Dear reviewer! This is our first experience of presenting an article of this kind in your journal. We are grateful to you for his meticulous work and comments, which related to improving the presentation of not only factual material, but also literary corrections.
We hope that you will be satisfied with the changes made to the article, and our answers

Author Response File: Author Response.pdf

Reviewer 2 Report (New Reviewer)

Comments and Suggestions for Authors

Authors should ensure the correct nomenclature for the analytical technique is used. "HPLC" in the subheading may need to be revised to "LC-MS" for clarity and accuracy.
Authors are requested to include Multiple Reaction Monitoring (MRM) and Total Ion Chromatogram (TIC) data for each sample as supplementary information to support the results.
 Clarification is needed regarding the consistent grouping of subjects as '12' and '38.' Table 4 should specify the stress factors, not the numerical grouping. Authors are encouraged to provide justification for the numbering within the groups.

The toxicology test for "Potassium 2-[2-(2-oxo-4-phenylpyrrolidin-1-yl) acetamido]ethanesulfonate (Compound I)" should be included in the manuscript.
Authors are requested to include the synthetic route for the Compound I in the manuscript, specifically within the materials and methods section, a scheme is mentioned but only a structure is presented. 

Comments on the Quality of English Language

Minor editing of English language required

Author Response

Thank you very much for taking the time to review this manuscript. Please find the detailed responses below and the corresponding revisions/corrections highlighted/in track changes in the re-submitted files.

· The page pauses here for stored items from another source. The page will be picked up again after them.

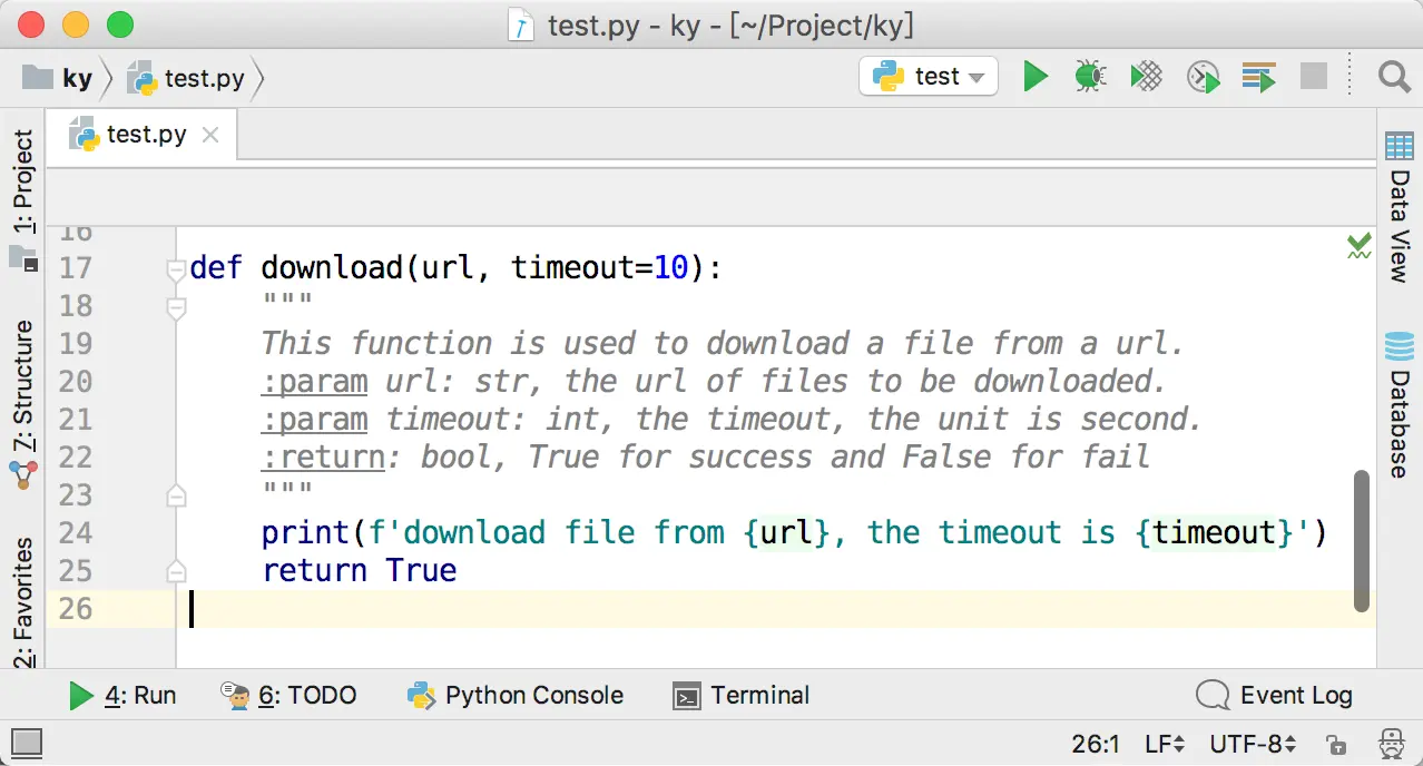PyCharm现在已经可以比较好地支持Type Hints了。例如下面这一段代码:
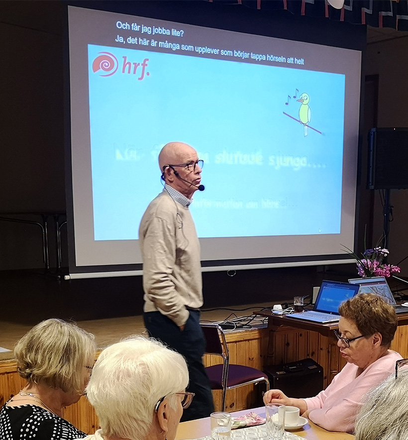 Efter en välsmakande lunch var det dags för dagens föreläsare Janne Åberg från Hörselskadades Riksförbund att äntra scenen för att informera om dålig hörsel och sin karriär inom fotbollsvärlden.
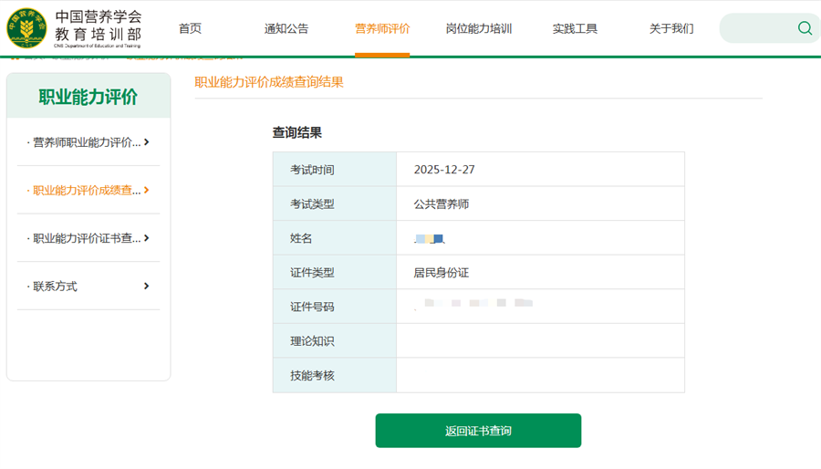 【成绩查询】中国营养学会:2025年12月27日公共营养师全国统一职业能力考试成绩查询通知及流程
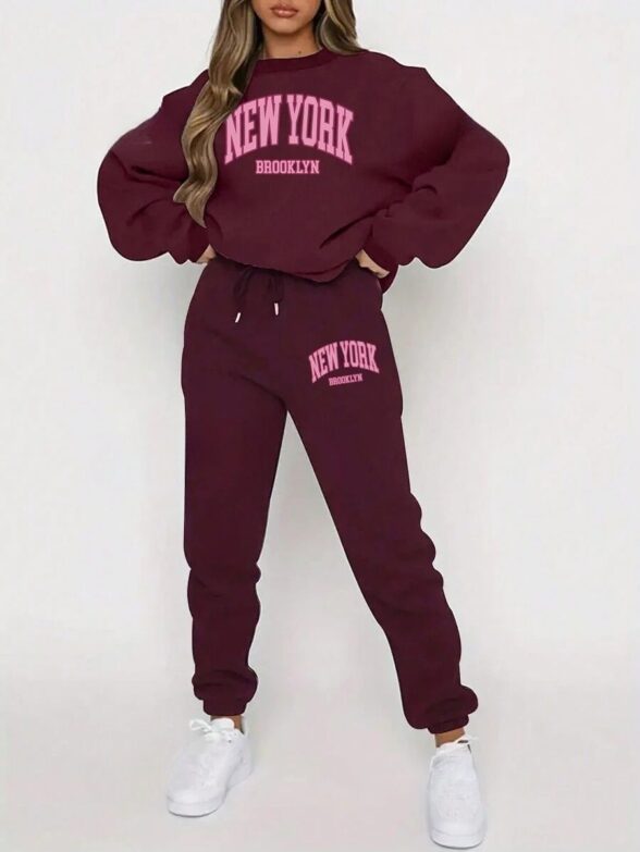 Trening Elsie Format Din Pantalon Maro Si Bluza Crem
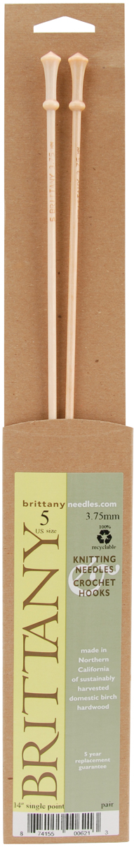 BRITTANY COMPANY-Single Point Knitting Needles. Brittany Art Deco Straight Needles in Birch are hand finished and exactly sized. Finely crafted wooden tools of this nature have long been prized by craftsmen around the world. We invite you to celebrate your crafts endeavors with the finest tools available. Available in all the popular sizes. Made in USA.
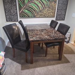 Faux Marble Table With 4 Leather Chairs, 1 Damaged On Seat$200Palm Harbor, FL
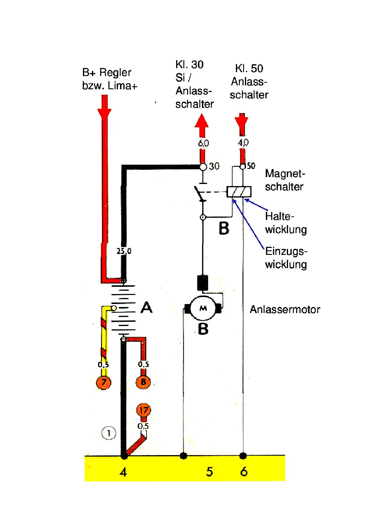 (Klemme 30 zum Anlasser hin.) Ich hoffe, dass die Angelegenheit nun soweit geklärt ist, ansonsten bitte nachfragen.

Author Response File: Author Response.pdf

Round 2

Reviewer 1 Report (New Reviewer)

Comments and Suggestions for Authors

Dear authors;

Thank you for your answers to my comments. I accept almost all explanations, one needs to be approved. Can you add reference to "Dep_C1 (Compound_ I Dep_C1) – n=12, therapy with Compound I 125 mg/kg (IP administration). 14

days;

• Dep_Flu (Fluoxetine) – n=12, therapy with Fluoxetine 15 mg/kg (oral administration).

• Dep_NaCl (control group treated with saline) – n=12, IP administration of physiological saline.

 

• Int (intact animals) – n=12, not exposed to depressive stimuli and not receiving any medications." dosages. I mean that please, cite papers for Dep_C1 and Dep_Flu where you show that the way of administration and amount of drugs are working in presented paradigms.  Comments on the Quality of English Language

Still needs some correction, especially with typos.

Author Response

We are grateful to the reviewer for his meticulous work and comments, which related to improving the presentation of not only factual material, but also literary corrections. 

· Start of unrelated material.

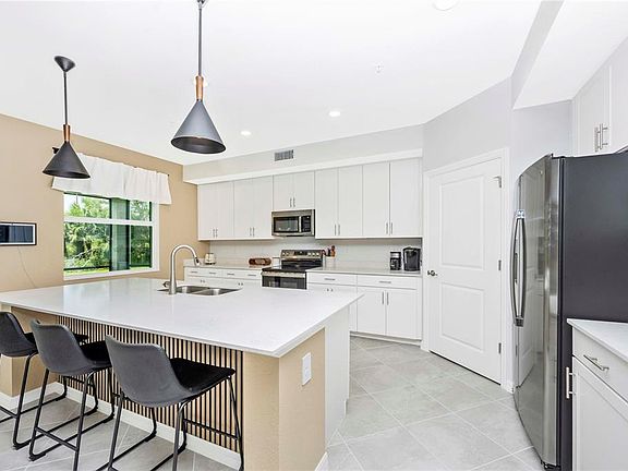 Be the first to live in this brand new 3 bed / 2 bath coach home located in a prestigious gated golf country club community in Wellen Park! This beautifully designed residence features an open floor plan with modern finishes, a spacious kitchen with quartz countertops and stainless steel appliances, and enormous breakfast bar. Enjoy the convenience of a 2-car garage, full size in-unit laundry, and a private screened-in lanai perfect for relaxing or entertaining. Primary suite has king bed and TV, large walk in closets and en suite bath with slider out to screened in porch. Second and Third bedrooms have queen beds with 2nd bath conveniently located outside of both. Large living and dining rooms with high end finishes and beautiful new furniture. Completely turnkey with everything you need to call this home. Community amenities include 18 hole golf. course, membership included, pickleball and tennis courts, bocci ball, clubhouse, dining, fitness center, spa, full time activities director, and resort-style pools. Available for monthly rental, perfect for seasonal or long-term stays. Close to several of Southwest Floridas amazing beaches, shoppings, tons of restaurants and nightly entertainment in downtown Wellen Park. Cool Today park is just down the street for Braves Spring Training. Lots of walking trails and ponds for fishing make this a great place for all of your entertainment needs. Call today to reserve your month!
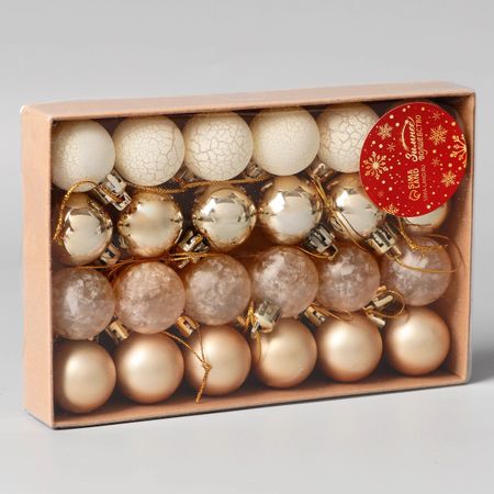 Ёлочные игрушки «Традиция», шары новогодние, пластик, набор d=3 см, 24 шт., золотистый/белый. Новогодние шары «Традиция» — это набор из 24 миниатюрных украшений диаметром 3 см в золотисто-белой гамме. Изделия выполнены из прочного пластика и созданы в стиле классики, ар-деко и новогоднего барокко. Благодаря компактности и лаконичному дизайну они станут универсальным решением для праздничной елки. <b> Особенности</b> <ul> <li> Диаметр каждого элемента — 3 см, идеально подходит для плотного и аккуратного декора.</li> <li> Цветовая гамма — золотистый и белый в случайном порядке, создающие мягкий и теплый контраст.</li> <li> Материал — прочный пластик, устойчивый к повреждениям и безопасный для детей.</li> <li> Стиль — сочетание классики, ар-деко и новогоднего барокко для разнообразных интерьеров.</li> <li> Форма — шар, проверенный временем как базовый элемент праздничного оформления.</li> </ul> <b> Когда порядок становится традицией</b> Этот набор создан для тех, кто любит наполнять дом светом и уютом без лишней пышности. Компактные игрушки легко распределить по елке, создавая равномерное сияние или яркие акценты. Украшение становится не просто обязанностью — это часть предпраздничного ритуала, где каждый элемент говорит о заботе и ожидании чуда.

Author Response File: Author Response.pdf

Reviewer 2 Report (New Reviewer)

Comments and Suggestions for Authors

Please accept in the present form. 

Author Response

We are grateful to the reviewer for his meticulous work and comments, which related to improving the presentation of factual material.

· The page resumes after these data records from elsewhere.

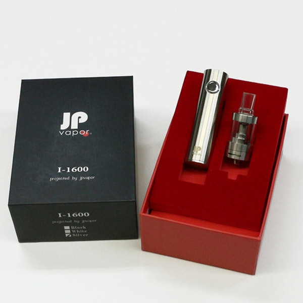 快適なVAPE(ベイプ)ライフをすぐに始められる特製BOX入りのフルセット!電子タバコのペン型ヴェポライザー「JPvapor I-1600 スターターキット シルバー」。
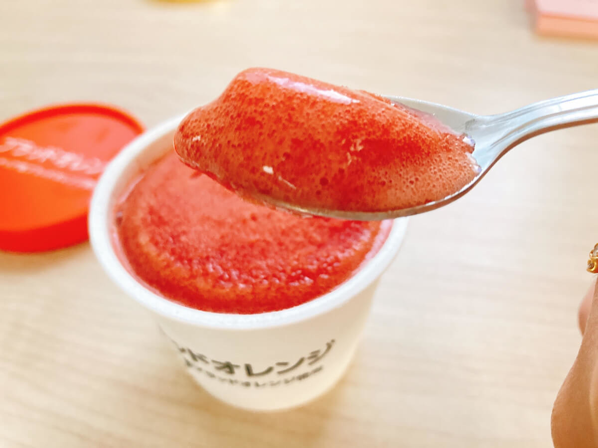 ブラッドオレンジをそのまま凍らせて、シャーベットにしたような感じ。
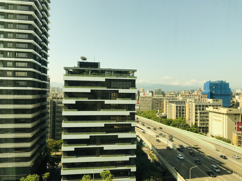 엄마가 우산 갖고 있어서 우산쓰고 타이페이 빌딩 사진 찍었오
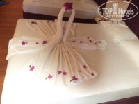 У нас рейс перенесли на 5 часов раньше, поэтому в отель приехали ещё не было 6 утра. Заселили нас моментально, не глядя на такое раннее время! Так как мы приехали с друзьями, то попросили номера рядом, и это оказалось без проблем, через стенку. Номера были на 4 этаже, №438 и 436, с видом на море, и это было просто чудо - каждое утро выходя на балкон видеть такой красивый пейзаж! Шум дороги нам абсолютно не мешал, тем более что ночи прохладные, и намного удобнее спать с кондиционером, который кстати безукоризненно работал, и температуру можно было ставить самому какую захочешь. В номере очень красиво и чисто, убирали каждый день, полотенца тоже можно было менять хоть каждый день, достаточно было оставить его на полу. Практически каждый день какие-нибудь красивые фигурки из полотенец и цветов, всегда много всяких коробочек и баночек с шампунями и гелями, и это не зависит от того, оставляешь ли ты чаевые или нет, но мы оставляли.
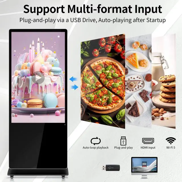 • Ultra-Bright 4K Commercial Display Engineered with 500nit brightness & 1080x1920 resolution, this floor standing digital signage delivers crystal-clear visuals even in high ambient light environments. Ideal for retail stores, corporate lobbies, and hospitality venues, our vertical screen ensures 178 wide viewing angles to maximize advertising impact

This manuscript is a resubmission of an earlier submission. The following is a list of the peer review reports and author responses from that submission.

Round 1

Reviewer 1 Report

Comments and Suggestions for Authors

The paper by Borozdenko and co-authors devoted to study of antidepressant properties of new taurine containing derivative of 4-phenylpyrrolidone. The findings are potentially interesting but the study has the methodical flaws and the manuscript is written carelessly. So, I have serious concerns that led to my negative decision regarding the manuscript, as follows:

 

Major:

 

1) CUMS interventions were started before the start of drug administration. Moreover, stressful interventions continued after the administration of drugs was started. I don't think this design is good. With the chosen approach, it is impossible to say with certainty whether the administration of compound 1 prevents the development of depressive-like behavior or eliminates its consequences. So, authors should clearly justify their chosen design.

 

2) The adequate description of statistical data (with exception of legends for figs 4 and 5) is absent throughout the “results” section. The description of statistical methods is also absent in the “material and methods” section. So, the important information regarding choice of statistical methods based on normality of distribution, degrees of freedom, outliers, etc., is unknown for readers. For example, did the Bonferroni correction performed under analysis of Hole-board test results since this test was performed triple on the same animals?

 

3) The data on the body weight should be re-analyzed with ANOVA test for repeated measures and presented as linear diagrams. The changes in body weight measured in the same animals at different time points are a dynamic parameter and the analysis of these data as independent variables is inappropriate.

 

4) The results of the Open-field test are absent in the text while this test is mentioned in the “Materials and methods”.

 

5) The authors should provide (at least in the appendix) the data of HBT conducted on the zero and 14th days of the experiment. This would help to understand whether there were initially differences between groups when performing the test.

 

6) Why did the authors not provide data on immobility and grooming time for HBT, while this was parameters stated in the materials and methods (line 247)?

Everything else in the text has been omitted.